А когда антракт кончился, он снова оказался на своем месте, в глубине директорской ложи, не видимый для публики, и с изумлением вслушивался в свои, ставшие чужими, зажившие отдельной от него жизнью слова. Морщился, если реплика казалась неловкой, неудачной - ах, не заметил прежде, успел - бы поправить. И вдруг впадал в счастливую гордыню: неужели это я написал? Опять все смеются, хлопают... Вздрагивал от каждой оговорки, от небрежно хлопнувшей в павильоне двери, косо навешенной декорации, случайно упавшего на сцене стула...
Сто раз считал пьесу провалившейся и себя несчастнейшим человеком на земле, а при первом же всплеске смеха, аплодисментов улыбался сам себе и сто раз оживал снова.
Второе и третье действия прошли с нарастающим успехом. Подымался и опускался задний (антрактный) занавес - темно-малиновая гардина, открывавшая с двух боков эффектную перспективу на готические здания, а на сцене представала то комнатка на постоялом дворе, куда Вихорев увез Дуню, то скромные покои дома Русакова. Косицкая играла кое-где с излишней аффектацией, нажимала на слезы, но все же была хороша и трогательна. А ее объяснение с Васильевым - Бородкиным заставило партер и ярусы замереть.
Бородкин, отвернувшись к окну, перебирал струны гитары и напевал: "Вспомни, вспомни, моя любезная, нашу прежнюю любовь..." Дуня, сидевшая до той поры опустив голову, бросала ему: "Не пой ты, не терзай мою душу!" И тогда Бородкин подходил к ней, наклонялся, целовал ее в лоб и отвечал исполненной наивной прелести репликой: "Помни, Дуня, как любил тебя Ваня Бородкин".
Трудно сказать, в чем был тут секрет - публика ли была так расположена к переживанию простых чувств или актеры играли так искренне, заразительно, но только эту сцену все рецензенты отметили потом как одно из самых волнующих мест спектакля.
Несколько лет спустя, собираясь писать статью об Островском, Достоевский близко подошел, как кажется, к разгадке этой тайны драматурга как
"Не в свои сани не садись", Бородкин, Русаков, - отметил он в записной книжке, - да ведь это анализ русского человека, главное:
И ведь это как раз напротив всему тому, что в избытке у Достоевского - двойственности, зыбкости, "безднам" психологии его героев, - а угадано верно, как никем. Видно, втайне сильно дорожит он твердой положительной почвой русского характера, которую не отменит никакая сложность и сверхсложность и в которой всякая утонченность, противоречивость ищут своего желанного разрешения в цельности: полюбит - так прямо, а отшатнется - "разом всей массой"!

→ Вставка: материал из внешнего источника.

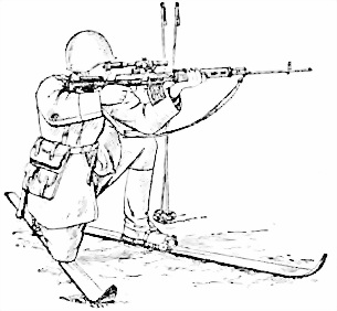 Рис. 65. Положение при стрельбе с лыж:

В спектакле явилась перед публикой поэзия простых душ. У наивной Дуни, скромного Вани Бородкина слезы то и дело мешались с улыбкой, и это детское чистосердечие подкупало всех. Актеры играли так самозабвенно, что Сергей Васильев после сцены объяснения с Дуней вышел за кулисы, рыдая, и не мог успокоиться - так что понадобилась помощь медика.
Опасный скептик Боткин, которого нелегко было соблазнить мелодраматической наивностью, писал Тургеневу после спектакля: "...в пьесе необыкновенно много глубокомыслия и благодушия; растроганность, которую она производит - имеет самый высокий человеческий смысл: она облагораживает сердце. Комическая сторона так удачно соединена с великодушною сущностью..." 6
Боткин выразил впечатление просвещенных зрителей первых кресел партера, а в это время на галерее, как рассказывает сидевший там Иван Горбунов, присяжный театрал, учитель словесности в синем форменном мундире, некий Андрей Андреевич, отер слезы на глазах и торжественно сказал, обратившись к студенческой публике, своим соседям по райку:
- Это не игра. Это - священнодействие! Поздравляю вас, молодые люди, вам много предстоит в жизни художественных наслаждений 7.
Как только занавес опустился в последний раз, публика стала неистово вызывать исполнителей. Возгласы привета и одобрения бенефициантке потонули в единодушных криках: "Всех! всех!"
Счастливые удачей, актеры много раз выходили к рампе кланяться публике, капельмейстер передал из оркестра посланные Косицкой цветы. В воздухе пахло праздником.
Вызывали и автора. Он встал в ложе и начал неловко, смущенно раскланиваться у барьера. Раскрасневшийся Александр Николаевич был взволнован. Друзья драматурга, сидевшие неподалеку и партере, отхлопали все ладоши.
"Это представление мы не можем сравнить ни с каким другим, - говорил потом Тертий Филиппов. - Оно было вовсе не похоже на обыкновенное представление: как что-то будто в действительности происходившее пронеслось оно перед нами, оставив нас в полном очаровании" 8.